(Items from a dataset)

■ ■ ■

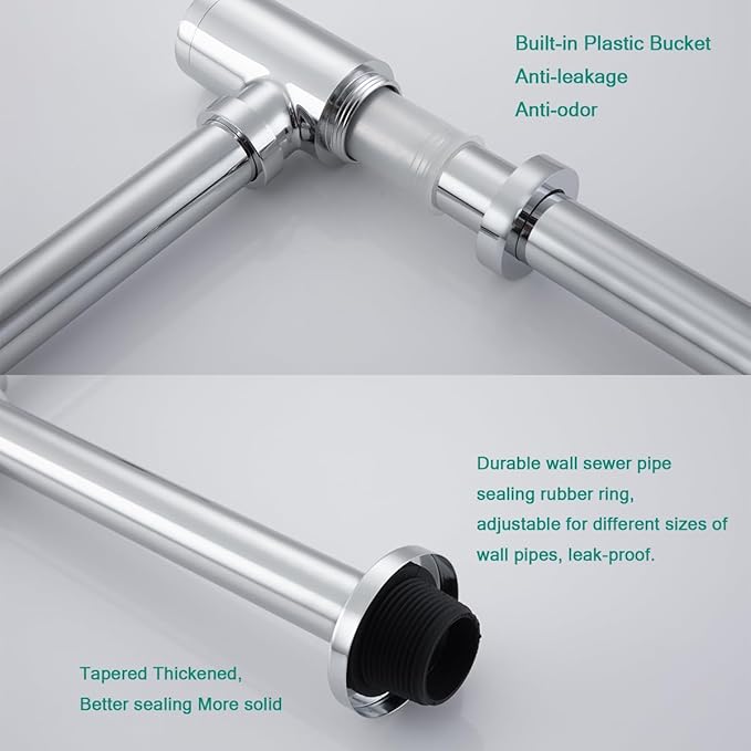 - Tube thickened: moisture-proof, anti-corrosion, high temperature resistant. With multiple anti-odor design.The simple pipe design provides high flow drainage while reducing sink drain pipe clutter,Smooth interior won't cause buildup or bad odors.
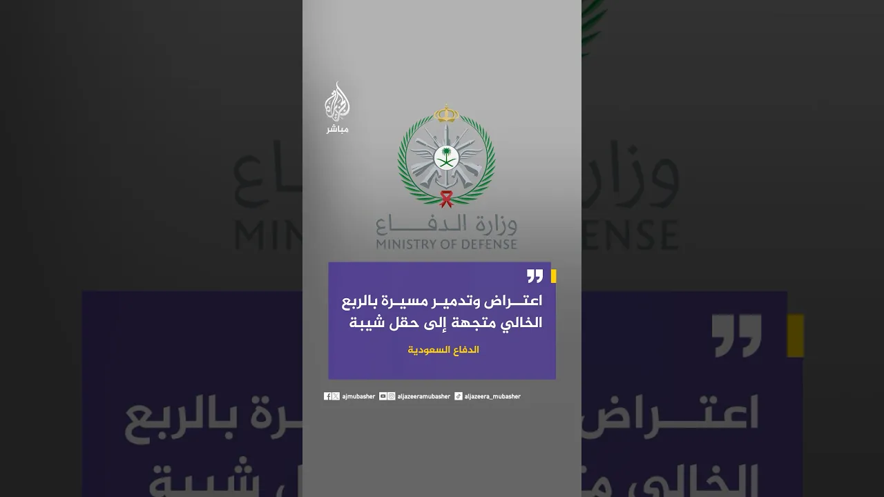 وزارة الدفاع السعودية: تم اعتراض وتدمير أربع مسيّرات بالربع الخالي متجهة إلى حقل شيبة
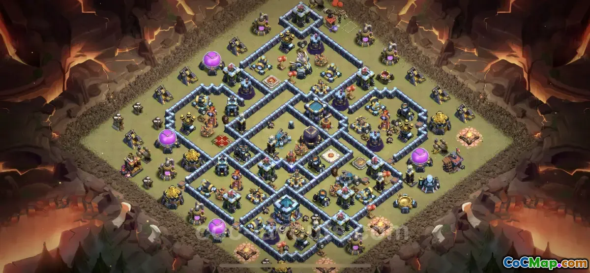 The Best War Base for Town Hall 13 (TH13) is designed to provide robust protection against various attacks in Clash of Clans, especially during Clan War Leagues (CWL). This base layout focuses on creating a defensive structure that can withstand raids from all types of units and strategies. It is crafted to ensure that enemy troops face challenges when trying to reach the Town Hall or key defensive buildings. The layout prioritizes good placement of defenses to maximize coverage and minimize vulnerabilities.
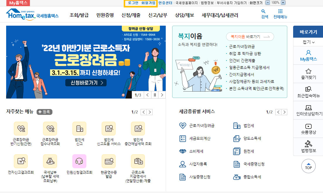 먼저 국세청 홈텍스(www.hometax.go.kr) 사이트에 접속하여
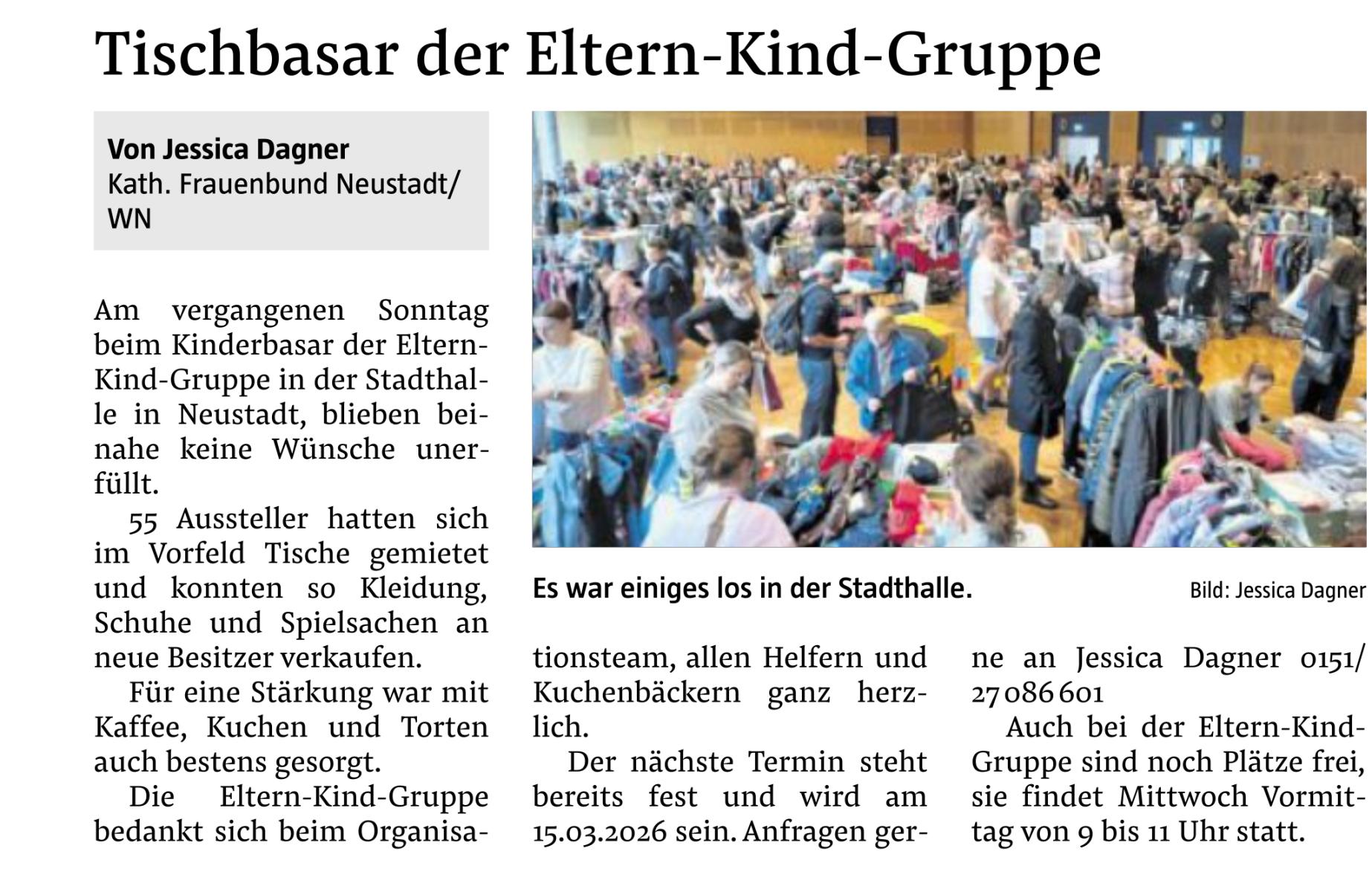 EKG Basar 2025 im September war wieder ein riesen Erfolg. Die Tische für das Frühjahr sind bereits wieder ausgebucht. In der Eltern-Kind-Gruppe sind wieder Plätze frei: immer Mittwochs von 9 bis 11 Uhr. Bitte bei J. Dagner melden: 0151 27 086 601 zurück

■ ■ ■

▶ [PROBLEM DESCRIPTION]: Set down every record exactly as written, but drop the pictures.

▶ [RESPONSE]:
 - Tube thickened: moisture-proof, anti-corrosion, high temperature resistant. With multiple anti-odor design.The simple pipe design provides high flow drainage while reducing sink drain pipe clutter,Smooth interior won't cause buildup or bad odors.
 وزارة الدفاع السعودية: تم اعتراض وتدمير أربع مسيّرات بالربع الخالي متجهة إلى حقل شيبة
 The Best War Base for Town Hall 13 (TH13) is designed to provide robust protection against various attacks in Clash of Clans, especially during Clan War Leagues (CWL). This base layout focuses on creating a defensive structure that can withstand raids from all types of units and strategies. It is crafted to ensure that enemy troops face challenges when trying to reach the Town Hall or key defensive buildings. The layout prioritizes good placement of defenses to maximize coverage and minimize vulnerabilities.
 먼저 국세청 홈텍스(www.hometax.go.kr) 사이트에 접속하여
 EKG Basar 2025 im September war wieder ein riesen Erfolg. Die Tische für das Frühjahr sind bereits wieder ausgebucht. In der Eltern-Kind-Gruppe sind wieder Plätze frei: immer Mittwochs von 9 bis 11 Uhr. Bitte bei J. Dagner melden: 0151 27 086 601 zurück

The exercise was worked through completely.